Benefits And Costs Of Process Simulation

For companies that have implemented digital manufacturing, the return on investment is there . . . but the scope of that investment goes well beyond the price of software. That was the conclusion of a study by D.H. Brown Associates, an information technology consulting firm that analyzed digital manufacturing by interviewing managers involved in justifying the technology for large manufacturers in the aerospace, automotive, and heavy equipment industries.

“Digital manufacturing” means simulating the manufacturing process using 3D CAD models. The goal is to streamline manufacturing process development time, largely by catching bugs and inefficiencies in the simulation instead of in real life. The technology applies to more than machining. Manufacturers facing high capital equipment costs also use it to optimize assembly, welding and other processes before tooling, machine motions, and machine placement are finalized.

The potential payback includes reduced ramp-up time for new processes, as well as the problems—like collisions—that are avoided early.
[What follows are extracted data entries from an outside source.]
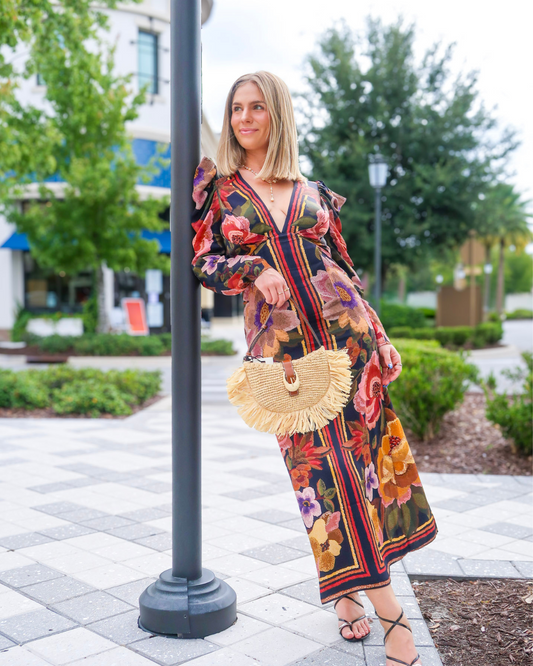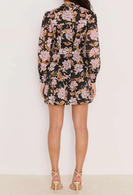 Farm Rio Border Print Long Sleeve Dress | Chenille Flowers Black
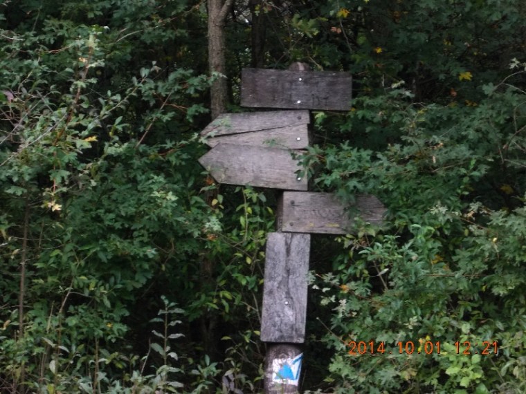 Az elágazásban két útjelző táblát találok, egy régit is egy újat. Elnézegetve ezeket, be kell látnom, hogy azért vannak pozitív fejlemények is, hiszen a régi tábla olvashatatlanná kopott, az új meg nagyszerűen olvasható.
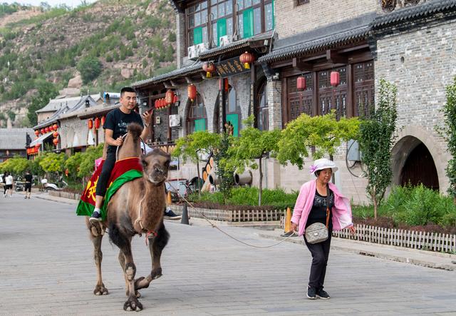 游客在磧口古鎮(zhèn)內(nèi)騎乘駱駝(6月9日攝)。
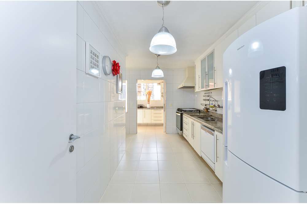 A sala é bastante iluminada não só pela varanda mas também pelas janelas presentes pelo living que integra todos os ambientes, incluindo-se a área da lareira. A cozinha e a área de serviço com dependência e o banheiro de funcionários são muito espaçosos e com excelentes acabamentos.
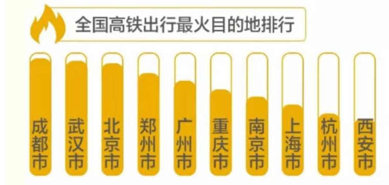 其中,成都、武汉、北京成为国庆期间最受欢迎的高铁出行目的地。郑州、广州、重庆、南京、上海、杭州、西安位列第四到十名。随着2018年渝贵高铁开通,遵义则成为全国高铁票订单量增速最快目的地,也是增速最快的客源地。
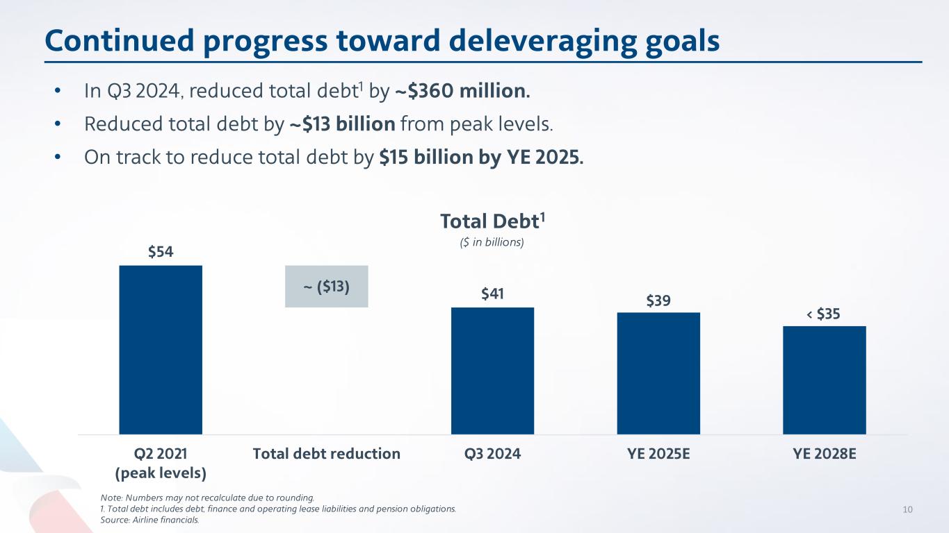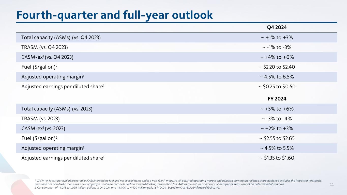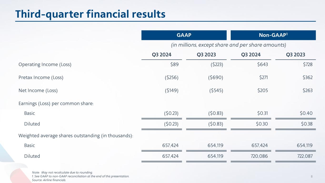Third-quarter financial results Note: May not recalculate due to rounding. 1. See GAAP to non-GAAP reconciliation at the end of this presentation. Source: Airline financials. GAAP Non-GAAP1 (in millions, except share and per share amounts) Q3 2024 Q3 2023 Q3 2024 Q3 2023 Operating Income (Loss) $89 ($223) $643 $728 Pretax Income (Loss) ($256) ($690) $271 $362 Net Income (Loss) ($149) ($545) $205 $263 Earnings (Loss) per common share: Basic ($0.23) ($0.83) $0.31 $0.40 Diluted ($0.23) ($0.83) $0.30 $0.38 Weighted average shares outstanding (in thousands): Basic 657,424 654,119 657,424 654,119 Diluted 657,424 654,119 720,086 722,087 8

However, in many companies, achieving these results can require nothing short of a culture change. For digital manufacturing to be effective, those who develop new processes must be willing to trust what they see on screen. Thus, process designers are asked to make a leap similar to the one that product designers were asked to make about a decade ago, back when 3D CAD modeling was new.

This table from D. H. Brown Associates lists typical considerations for companies attempting to justify digital manufacturing.

Costs
• Digital manufacturing software
• Computer hardware
• New business process development
• Culture change implementation
• Software training
• New business process training
• Extra labor required to achieve proficiency in new software and a new business process

Benefits
• Quicker time to market
• Reduced per-unit production cost
• Reduced overall labor cost
• Higher quality manufacturing process
• Reduced manufacturing process development cost
• Reduced rework and faster part learn-out
• Higher reuse of existing manufacturing equipment

Another potentially large investment is the effort required to input the data necessary for the system to develop its models. In fact, software company Deneb Robotics (Troy, Michigan) is fundamentally changing its manufacturing simulation products, and one of its key reasons for doing so is to reduce the scope of this data feeding task. In the past, this company’s systems for simulating machining, assembly, welding and other operations were limited in their ability to share data seamlessly with one another. However, versions of these products now being released can freely draw from a common database. These systems also share a modeling kernel in common—the kernel used in CATIA. (The company is a subsidiary of CATIA developer Dassault Systems.)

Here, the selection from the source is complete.